• _Exercise data_:
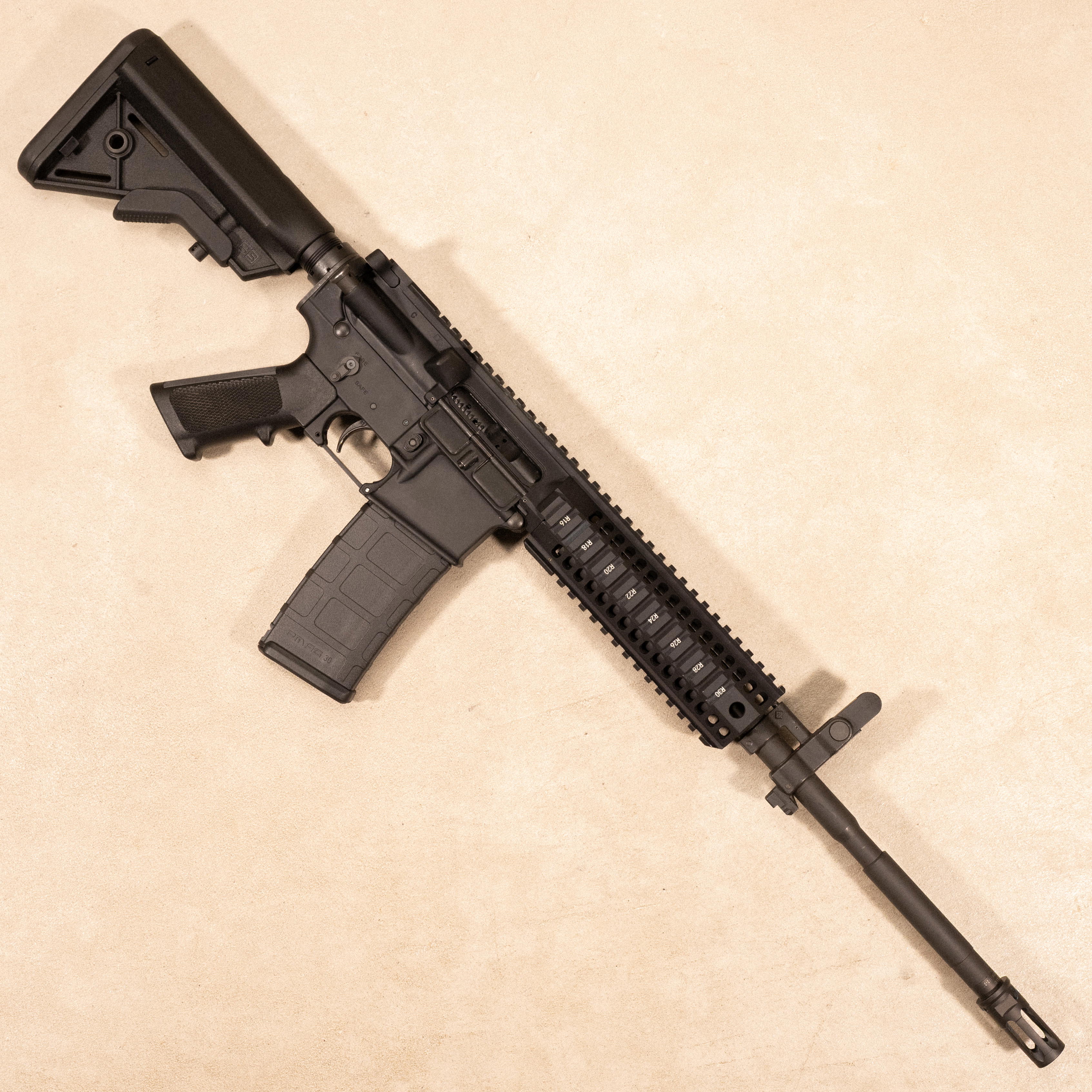 This example is configured with a B5 Systems buttstock, A2 pistol grip, and a SureFire closed tine Warcomp flash hider and compensator in place of the standard Colt A2 flash hider. The monolithic upper features the factory folding front sight and a flat top Picatinny rail for optics mounting. Accompanied by one 30-round Magpul PMAG. No original box or accessories included.
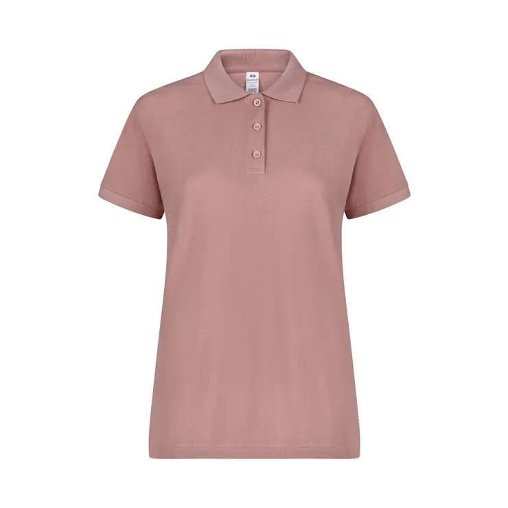 Polo para MUJER manga corta. 100% Algodón RingSpun preencogido. 210 g/m². Placket de 3 botones con cubrecosturas reforzado en el interior del cuello para evitar deformación Canalé 1x1 en cuello y mangas con puño, costuras laterales con aberturas inferiores Mangas más cortas y ajustadas Slim fit.
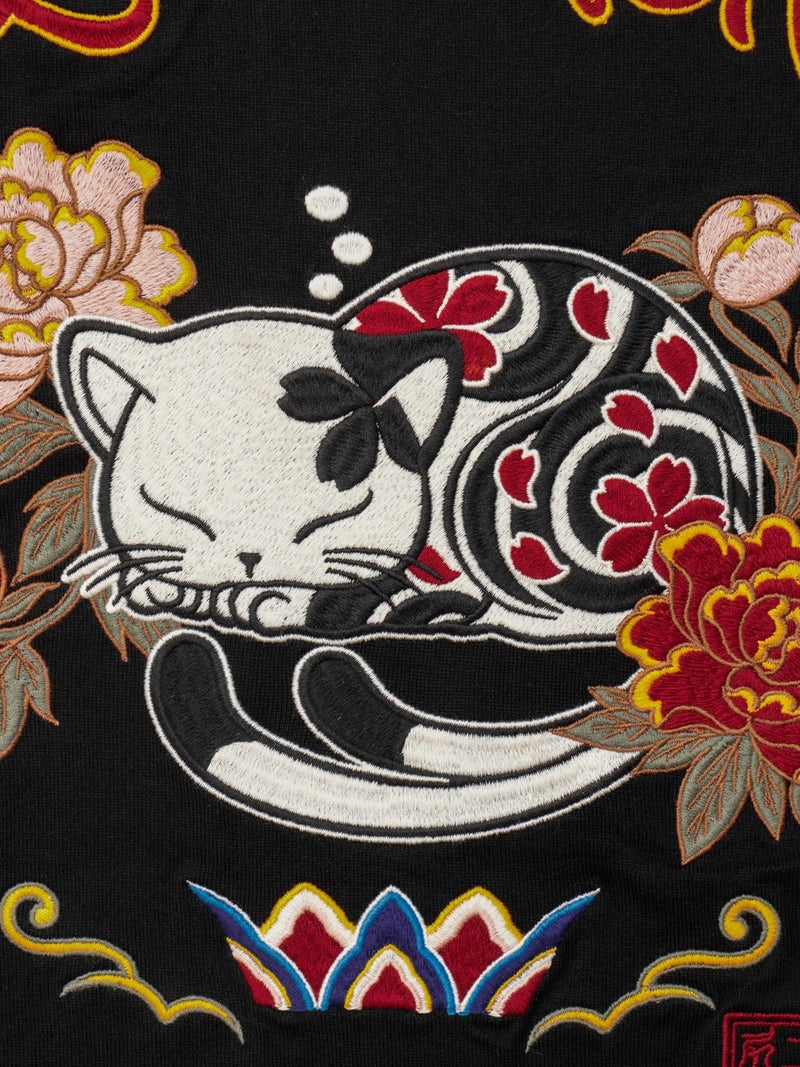 背面には、牡丹の花に囲まれ、日の光を浴びながらうたた寝するスミネコの姿を、緻密な刺繍で表現しました。

• _Problem to solve_: Copy all the material word for word, minus its pictures.

• _Result of this task_:
 This example is configured with a B5 Systems buttstock, A2 pistol grip, and a SureFire closed tine Warcomp flash hider and compensator in place of the standard Colt A2 flash hider. The monolithic upper features the factory folding front sight and a flat top Picatinny rail for optics mounting. Accompanied by one 30-round Magpul PMAG. No original box or accessories included.
 Polo para MUJER manga corta. 100% Algodón RingSpun preencogido. 210 g/m². Placket de 3 botones con cubrecosturas reforzado en el interior del cuello para evitar deformación Canalé 1x1 en cuello y mangas con puño, costuras laterales con aberturas inferiores Mangas más cortas y ajustadas Slim fit.
 背面には、牡丹の花に囲まれ、日の光を浴びながらうたた寝するスミネコの姿を、緻密な刺繍で表現しました。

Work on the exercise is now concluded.